The Albanian (2010): “..I ended up sleeping on the street..”

Der Albaner

“I live in Germany, but I wasn’t born there. I’m originally from Kampala, Uganda. I’ve been living in Germany for close to six years and I’m doing well. It’s not like I have fully been through the same situation like the main character in the film Der Albaner (The Albanian, 2010), but there are a few similarities. Arben, a poor Albanian villager, wants to marry a beautiful girl, Etleva, from a neighboring clan, but her father has promised her to another man who is offering 10,000 Euros. So, Arben hustles his way into Germany and travels to Berlin to make money. When he finally has enough money he goes back to Albania, but he’s too late. It doesn’t end well for him. This film made me think about how unfair life can be because life isn’t just a bed of roses.”

“When I moved to Germany I had to begin from zero and all I had with me when I came to this country was my backpack and that’s it. I have relatives in Germany, but they did not help me much. In the past six years I had to learn how to speak perfect German, study for my degree and now I have a good paying job and a nice apartment. I pay my own bills. I can go on vacation whenever I like, but this didn’t fall from heaven. Six years ago I didn’t understand a single word of the German language. I had to work hard, sometimes hustle, adjust to their society and understand how the system works.”

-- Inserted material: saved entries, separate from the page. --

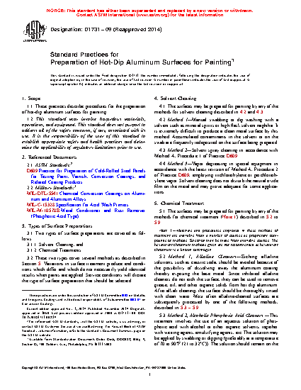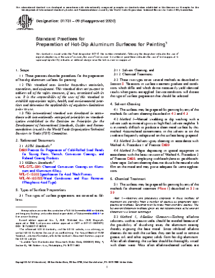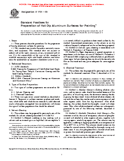 1.1 These practices describe procedures for the preparation of hot-dip aluminum surfaces for painting.
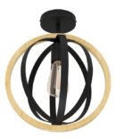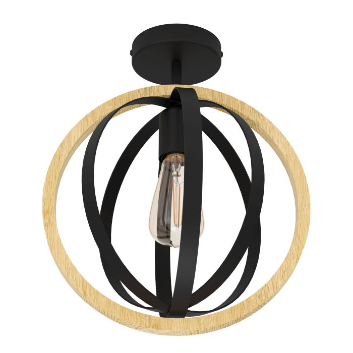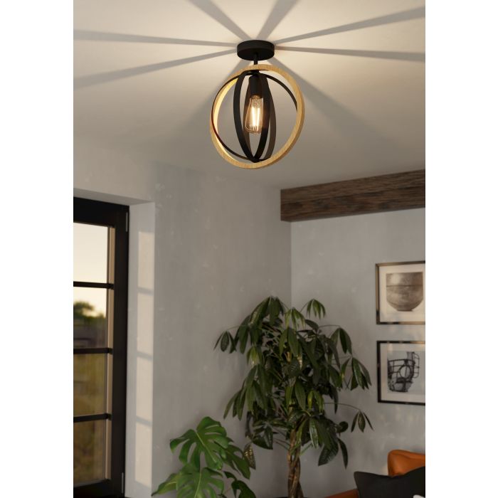 La plafoniera con struttura in acciaio e legno, finitura nero e marrone , attacco lampadina E27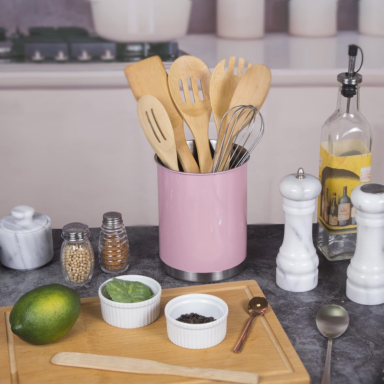 Creative Home Stainless Steel Utensil Holder– 6.3" Large Cooking Tool Organizer for Kitchen Decor and Countertop Storage, Stable Anti-Tip Design, Durable Powder-Coated Finish, Pink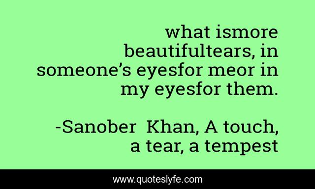 "Sanober Khan, A touch, a tear, a tempest Quotes." Quoteslyfe.com, 2025. Fri. 05 Dec. 2025. <https://www.quoteslyfe.com/quote/what-ismore-beautifultears-in-someone-s-eyesfor-113065>.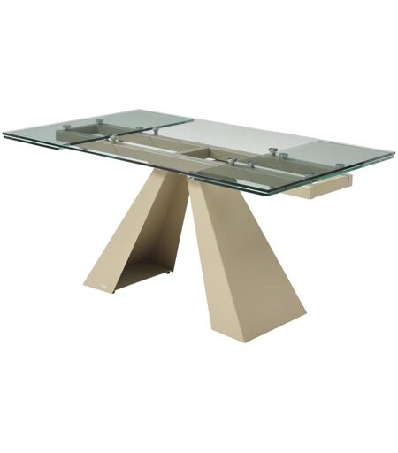 Vente-unique Table à manger extensible 6 à 10 personnes en verre trempé et métal beige - Transparent - LOZIPA de Maison Céphy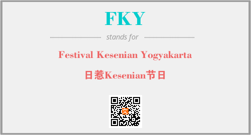 英文缩略词“FKY”经常作为“Festival Kesenian Yogyakarta”的英文缩写来使用,中文表示:“日惹Kesenian节日”。本文将详细介绍英文缩写词FKY所代表英文单词,其对应的中文拼音、详细解释以及在英语中的流行度。此外,还有关于缩略词FKY的分类、应用领域及相关应用示例等。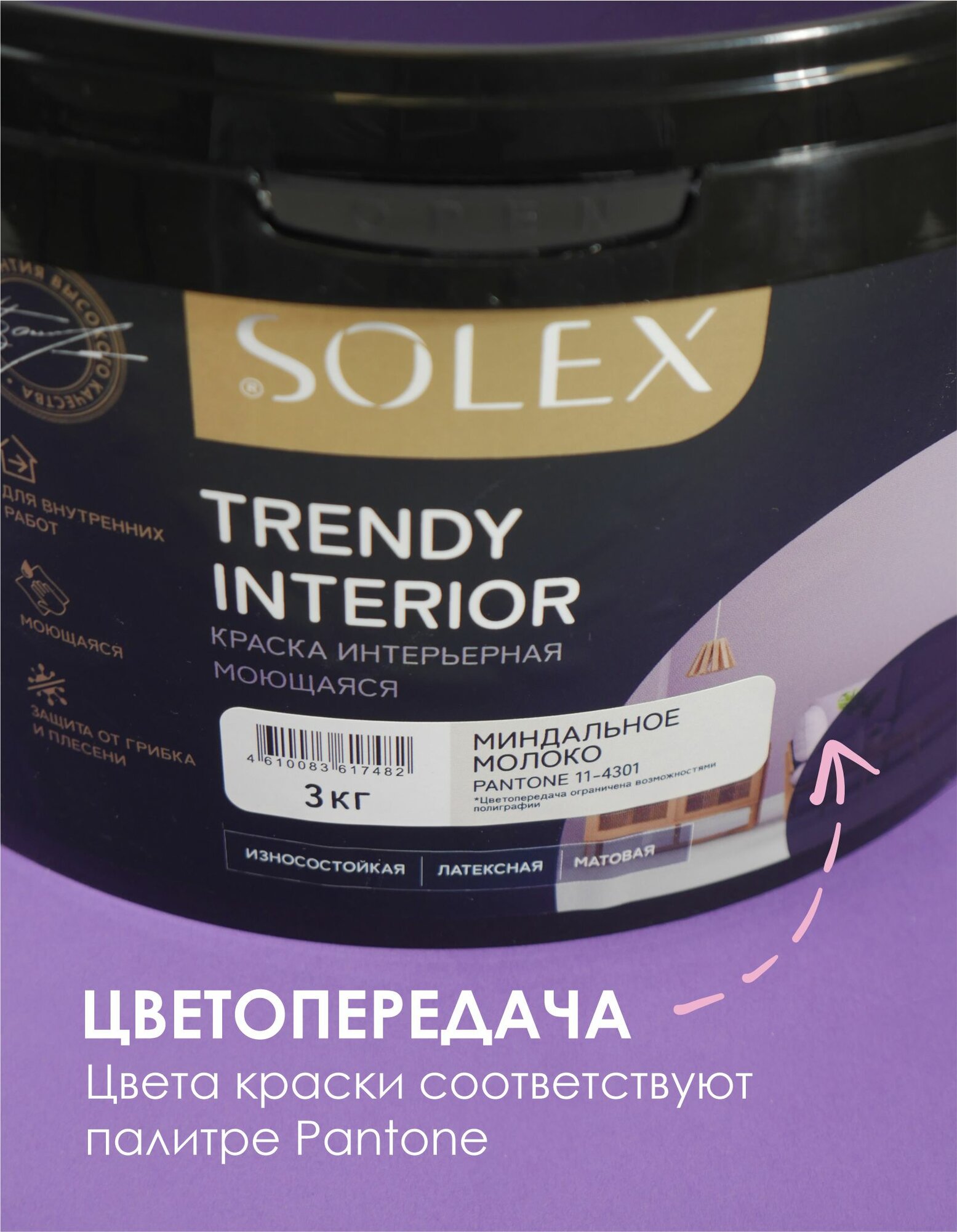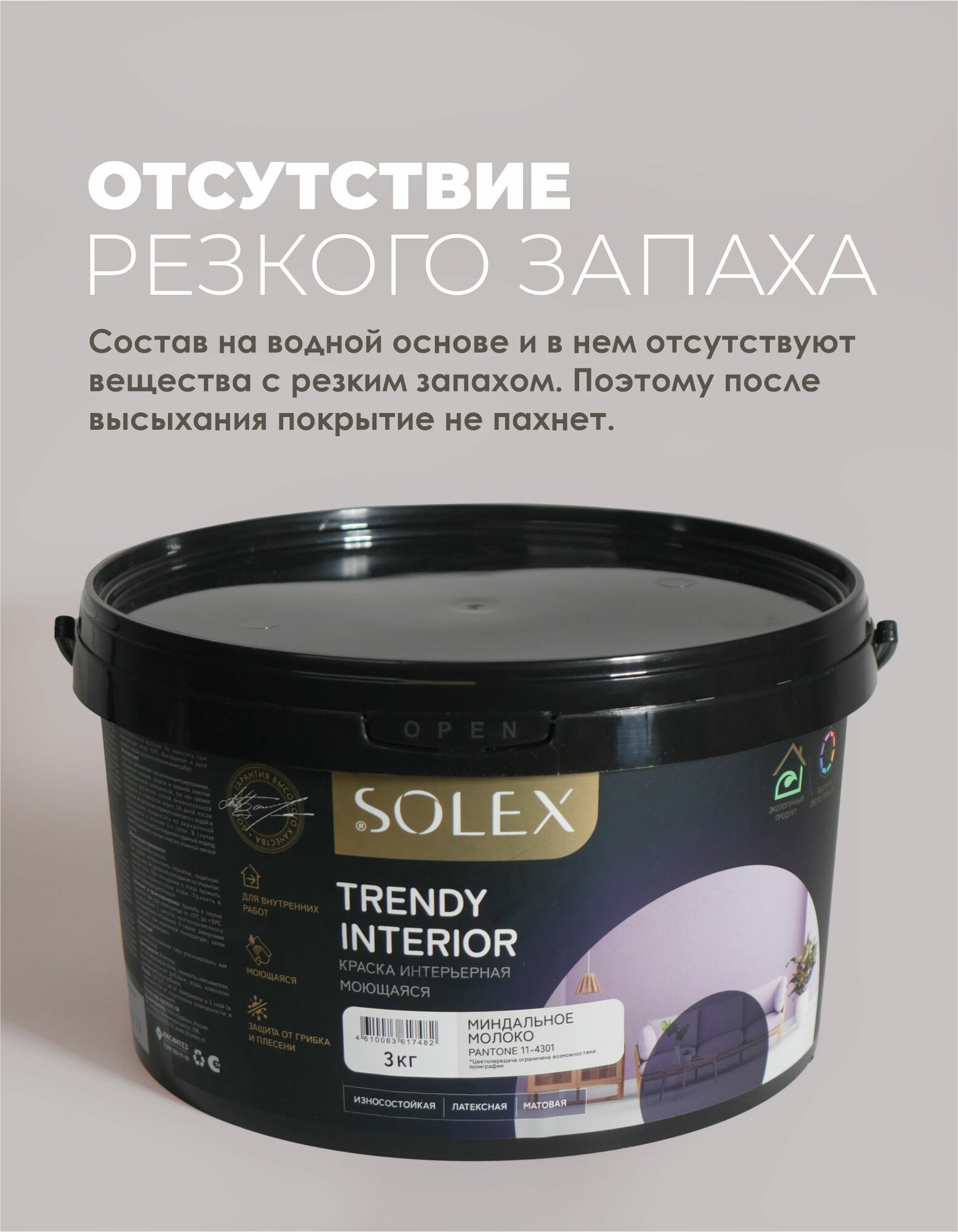 Краска для стен и обоев интерьерная моющаяся, TRENDY INTERIOR, SOLEX - миндальное молоко (7 кг.)

“One time I went to a club with some of my cousins and that’s where I met a nice-looking German girl. She liked me too so we kept in touch. Back then I was living in Stuttgart and she lived just outside of Frankfurt. I took the train to Frankfurt and she was supposed to pick me up at 8 pm. She didn’t show up. I tried to call her, but she switched off her phone. I kept waiting for her because I still hoped she’d show up. Around 10 pm I was still standing there stranded and my phone’s battery had died. Around midnight I had asked to charge my phone at a shop and called her again someone finally picked up the phone, but it was her sister who told me that she was sleeping. So, I ended up sleeping on the street, because I didn’t know anyone in Frankfurt. I joined a few people who were sleeping on the street. They had a tent and it was raining and I slept on the floor with them to wait for the train in the morning to take me back to Stuttgart. I’ve slept on the street before, but okay it was just one night. I cannot compare my experience to someone who is forced to sleep every night on the street. At the end of the day, I’m still standing and I’m happy. My life is good and for that I thank god.”